Note
Go to the end to download the full example code
Mutual-information at the contact level#
This example illustrates how to compute the mutual information inside each brain region and also by taking into consideration the information at a lower anatomical level (e.g sEEG contact, MEG sensor etc.).
import numpy as np
import pandas as pd
import xarray as xr
from frites.dataset import DatasetEphy
from frites.workflow import WfMi
from frites.core import mi_nd_gg
from frites import set_mpl_style
import matplotlib.pyplot as plt
set_mpl_style()
I(Continuous; Continuous) case#
Let’s start by simulating by using random data in combination with normal distributions. To explain why it could be interesting to consider the information at the single contact level, we generate the data coming from one single brain region (‘roi_0’) but with two contacts inside (‘c1’, ‘c2’). For the first the contact, the brain data are going to be positively correlated with the normal distribution while the second contact is going to have negative correlations. If you concatenate the data of the two contacts, the mix of positive and negative correlations break the monotonic assumption of the GCMI. In that case, it’s better to compute the MI per contact
n_suj = 3
n_trials = 20
n_times = 100
half = int(n_trials / 2)
times = np.arange(n_times)
x, y, roi = [], [], []
for suj in range(n_suj):
# initialize subject's data with random noise
_x = np.random.rand(n_trials, 2, n_times)

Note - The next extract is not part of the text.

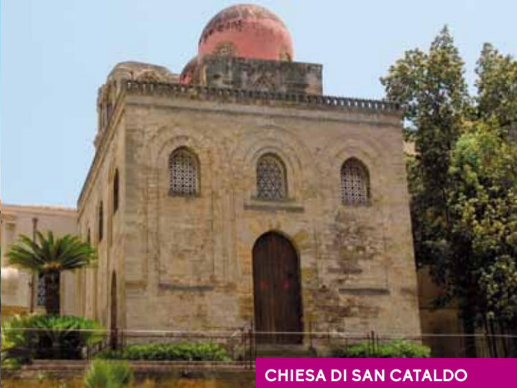
CHIESA DI SAN CATALDO

# normal continuous regressor
_y = np.random.normal(size=(n_trials,))
# first contact has positive correlations
_x[:, 0, slice(30, 70)] += _y.reshape(-1, 1)
# second contact has negative correlations
_x[:, 1, slice(30, 70)] -= _y.reshape(-1, 1)
x += [_x]
y += [_y]
roi += [np.array(['roi_0', 'roi_0'])]
# now, compute the mi with default parameters
ds = DatasetEphy(x, y=y, roi=roi, times=times, agg_ch=True)
mi = WfMi(mi_type='cc').fit(ds, mcp='noperm')[0]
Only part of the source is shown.